The mention of the "high-ranking lords of Serbia, Romania, and of all Albania" refers to the regional power held during that time by the brothers Balsha II and Gjergj I Balsha who were rulers of the Balsha dynasty, who controlled power over territories stretching from Zeta (modern Montenegro & northern Albania) to parts of southern Albania, including Berat and Ballsh, where the church of Gllavenica was located.

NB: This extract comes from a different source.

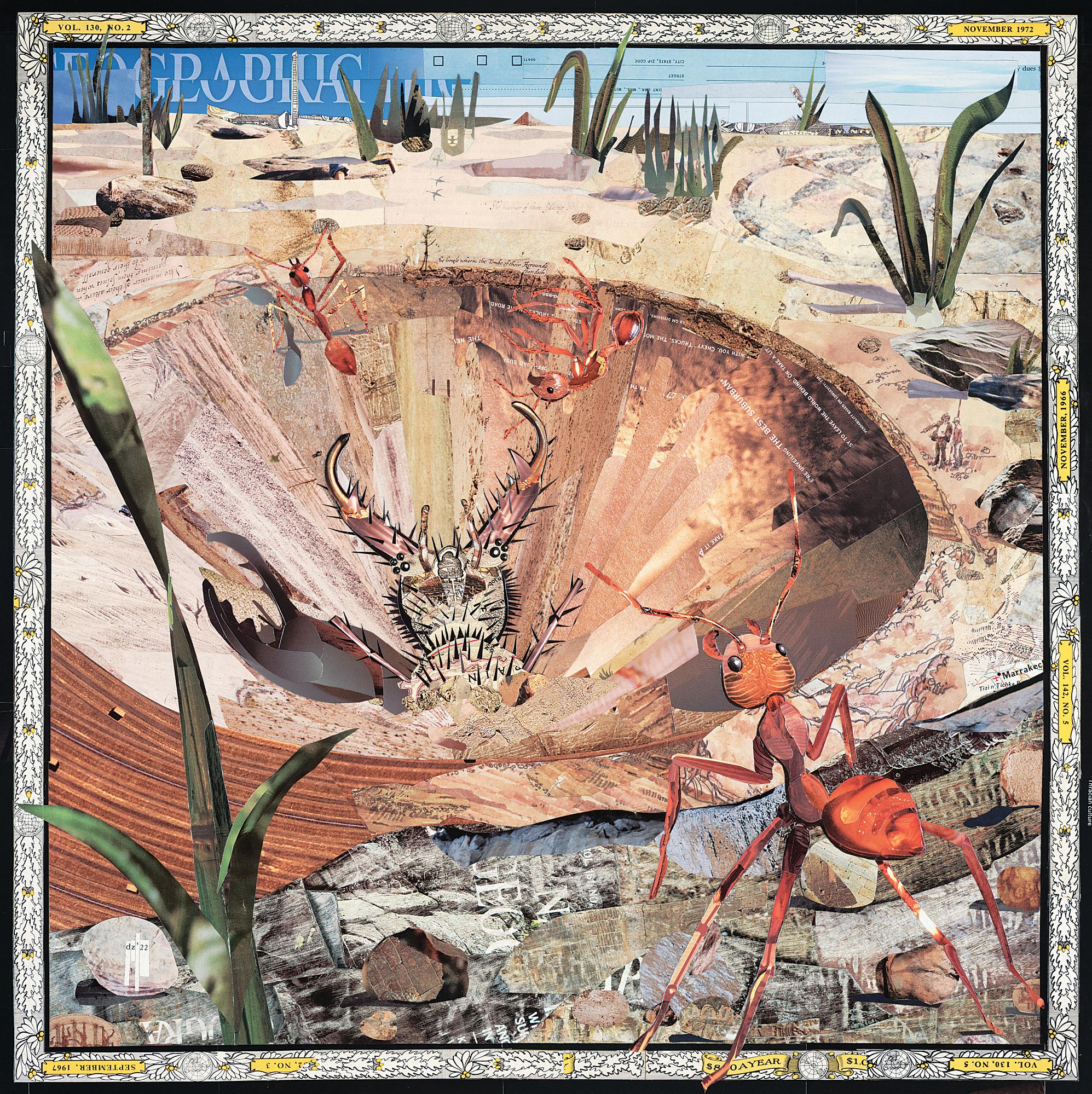 copies of National Geographic Magazine. Zdilla deconstructed the original found imagery into scraps and bits of formal elements such as color, value and texture and then reassembled these elements into new images.

The final phrase of the inscription-“by the hand of Gjergj Arianiti and the embroiderer”- created some debate amon scholars over the identity behind the word translated as "embroiderer" in the text. Some, like Dionis Papa and Ksenofon Ilia, interpret it as referring to Kristo Gllavari, reading the term not as a title but as a personal name. Others argue this is a mistranslation, noting that the original text uses a general descriptor for a gold-embroiderer rather than naming an individual. Theofan Popa supports the more widely accepted view that the epitaph was embroidered by the monk Savia, who, in keeping with monastic humility, left himself unnamed in the inscription.

==Theft and recovery==
On February 3, 1994, the Epitaph of Gllavenica was stolen from the National Historical Museum in Tirana during a break-in by four individuals who had secretly remained in the building after hours. Along with the epitaph, several other valuable artifacts were taken, including icons and historical furnishings. The theft was discovered the following day by museum staff, who promptly notified authorities. Months later, on October 10, 1994, police apprehended Aleksandër Soto in connection with the crime. During the arrest, he attempted to discard one of the stolen icons by throwing it out a window, causing irreparable damage. In a court appearance, Soto admitted the group had intended to sell the artifacts and claimed they were unaware of the epitaph’s cultural significance at the time. After a lengthy investigation, the stolen items—including the Epitaph of Gllavenica-were recovered and officially returned to the museum on October 17, 1996, during a public ceremony led by museum officials.

==See also==
- Arianiti family

== Bibliography ==
- Akademia e Shkencave e RPSH. Instituti i Ghuhësisë dhe i Letërsisë, Instituti i Historisë (2005). "Studia Albanica Volume 38, Issue 2"
- Koçi, Dorian (2021). "An overview of National Historical Museum of Albania"
- Koçi, Dorian (2018). "Thesare të Muzeut Historik Kombëtar"
- Labi, Melsi (2016). "The Basilica of Ballsh where Boris, the Bulgarian Tzar, was baptised"
- Labi, Melsi (2016a). "Epitafi i Gllavenicës"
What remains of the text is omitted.